REQUIREMENT:
Produce an exact transcription of the listing below, omitting the pictures.

INPUT DATA:

---+---

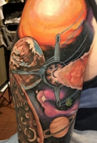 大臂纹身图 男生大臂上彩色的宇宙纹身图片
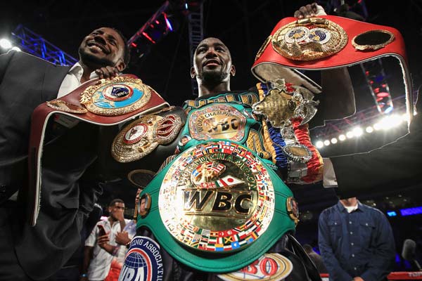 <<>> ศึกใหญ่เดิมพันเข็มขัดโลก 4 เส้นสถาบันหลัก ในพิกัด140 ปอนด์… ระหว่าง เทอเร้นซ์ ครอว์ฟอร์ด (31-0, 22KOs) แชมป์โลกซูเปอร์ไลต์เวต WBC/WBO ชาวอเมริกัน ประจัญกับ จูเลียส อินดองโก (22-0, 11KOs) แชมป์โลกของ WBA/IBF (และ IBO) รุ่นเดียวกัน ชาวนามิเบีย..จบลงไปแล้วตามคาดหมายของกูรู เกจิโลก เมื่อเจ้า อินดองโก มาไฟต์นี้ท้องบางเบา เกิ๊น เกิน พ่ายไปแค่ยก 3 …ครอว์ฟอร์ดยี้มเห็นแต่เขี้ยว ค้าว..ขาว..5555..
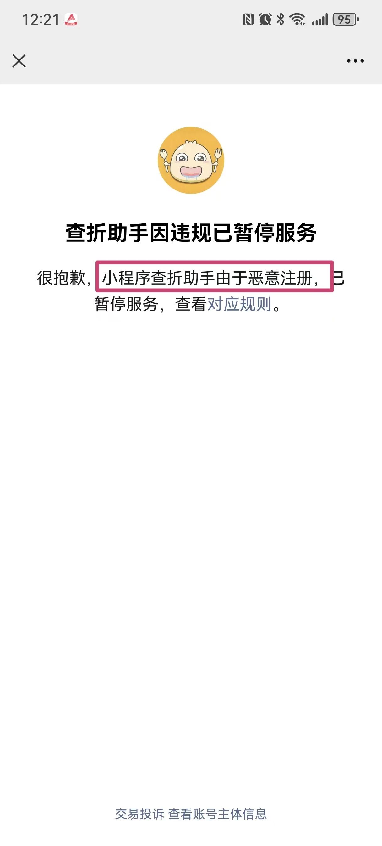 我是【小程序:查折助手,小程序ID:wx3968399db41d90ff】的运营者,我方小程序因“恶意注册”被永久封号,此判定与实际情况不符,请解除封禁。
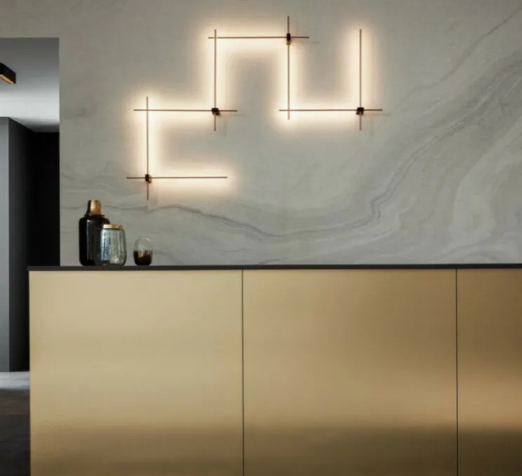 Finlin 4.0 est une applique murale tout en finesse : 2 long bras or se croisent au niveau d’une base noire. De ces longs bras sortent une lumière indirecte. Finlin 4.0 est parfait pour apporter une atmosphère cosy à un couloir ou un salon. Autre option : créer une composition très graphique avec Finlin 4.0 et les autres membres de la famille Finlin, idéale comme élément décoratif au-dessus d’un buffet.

---+---

SOLUTION FOR THIS EXERCISE:
 大臂纹身图 男生大臂上彩色的宇宙纹身图片
 <<>> ศึกใหญ่เดิมพันเข็มขัดโลก 4 เส้นสถาบันหลัก ในพิกัด140 ปอนด์… ระหว่าง เทอเร้นซ์ ครอว์ฟอร์ด (31-0, 22KOs) แชมป์โลกซูเปอร์ไลต์เวต WBC/WBO ชาวอเมริกัน ประจัญกับ จูเลียส อินดองโก (22-0, 11KOs) แชมป์โลกของ WBA/IBF (และ IBO) รุ่นเดียวกัน ชาวนามิเบีย..จบลงไปแล้วตามคาดหมายของกูรู เกจิโลก เมื่อเจ้า อินดองโก มาไฟต์นี้ท้องบางเบา เกิ๊น เกิน พ่ายไปแค่ยก 3 …ครอว์ฟอร์ดยี้มเห็นแต่เขี้ยว ค้าว..ขาว..5555..
 我是【小程序:查折助手,小程序ID:wx3968399db41d90ff】的运营者,我方小程序因“恶意注册”被永久封号,此判定与实际情况不符,请解除封禁。
 Finlin 4.0 est une applique murale tout en finesse : 2 long bras or se croisent au niveau d’une base noire. De ces longs bras sortent une lumière indirecte. Finlin 4.0 est parfait pour apporter une atmosphère cosy à un couloir ou un salon. Autre option : créer une composition très graphique avec Finlin 4.0 et les autres membres de la famille Finlin, idéale comme élément décoratif au-dessus d’un buffet.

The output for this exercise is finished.